Modern energy systems face deep uncertainty in renewable generation, network structure, and load dynamics. This project develops online and adaptive learning-augmented control methods built around data-driven uncertainty sets, with provable convergence, performance, and stability guarantees that generalize across structurally similar systems.

For power distribution networks, we combine online system uncertainty estimation with model predictive control to maintain voltage safety under unknown topology and uncertain load and generation variations. The algorithm adaptively prioritizes learning only what is needed to enforce voltage safety, rather than identifying a full accurate model. This task-driven perspective yields the first finite mistake bound for safe online voltage control under uncertain grid topology, with experiments in nonlinear, high-fidelity simulators calibrated with real-world models from Southern California Edison.

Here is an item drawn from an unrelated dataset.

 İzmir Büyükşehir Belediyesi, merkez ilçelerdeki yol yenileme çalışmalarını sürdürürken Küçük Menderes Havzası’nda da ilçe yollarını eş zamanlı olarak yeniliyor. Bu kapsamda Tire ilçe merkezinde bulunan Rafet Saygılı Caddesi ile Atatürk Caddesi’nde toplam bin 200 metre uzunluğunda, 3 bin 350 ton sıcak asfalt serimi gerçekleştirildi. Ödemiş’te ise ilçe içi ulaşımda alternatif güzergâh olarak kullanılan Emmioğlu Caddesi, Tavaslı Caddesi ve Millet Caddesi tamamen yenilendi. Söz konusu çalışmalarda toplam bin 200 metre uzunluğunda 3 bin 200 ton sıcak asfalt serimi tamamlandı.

For building HVAC, we develop a control-oriented policy transfer algorithm that safeguards black-box reinforcement-learning policies during online deployment. Instead of identifying full building dynamics, the method adaptively updates nonlinear basis functions and maintains an uncertainty set that is used directly to enforce thermal comfort constraints. In EnergyPlus simulations across 19 climate zones and seasons, it reduces comfort constraint violations by over 80% on average compared with state-of-the-art transfer-learning methods.

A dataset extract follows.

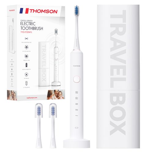 프랑스 톰슨 프리미엄 소프트 케어 IPX7 방수 초미세모 음파 전동칫솔 칫솔모 + 충전거치대 + 케이스, 1세트, 화이트, TMS-ET331WYL

Selected outcomes. First finite mistake bound for safe online voltage control under uncertain grid topology and adversarial load/generation variations (Yeh et al., 2024), whose preliminary conference version received the Best Paper Award Finalist at ACM e-Energy (Yeh et al., 2022) and seeded a proposal that won the Amazon AI4Science Fellowship. Building on the set-based ideas from the foundations theme, an uncertainty-aware transfer-learning algorithm for building HVAC reduces thermal-comfort constraint violations by over 80% on U.S. Department of Energy high-fidelity simulators compared with state-of-the-art transfer methods (Yu et al., 2025).

Timeline. 2022 – present.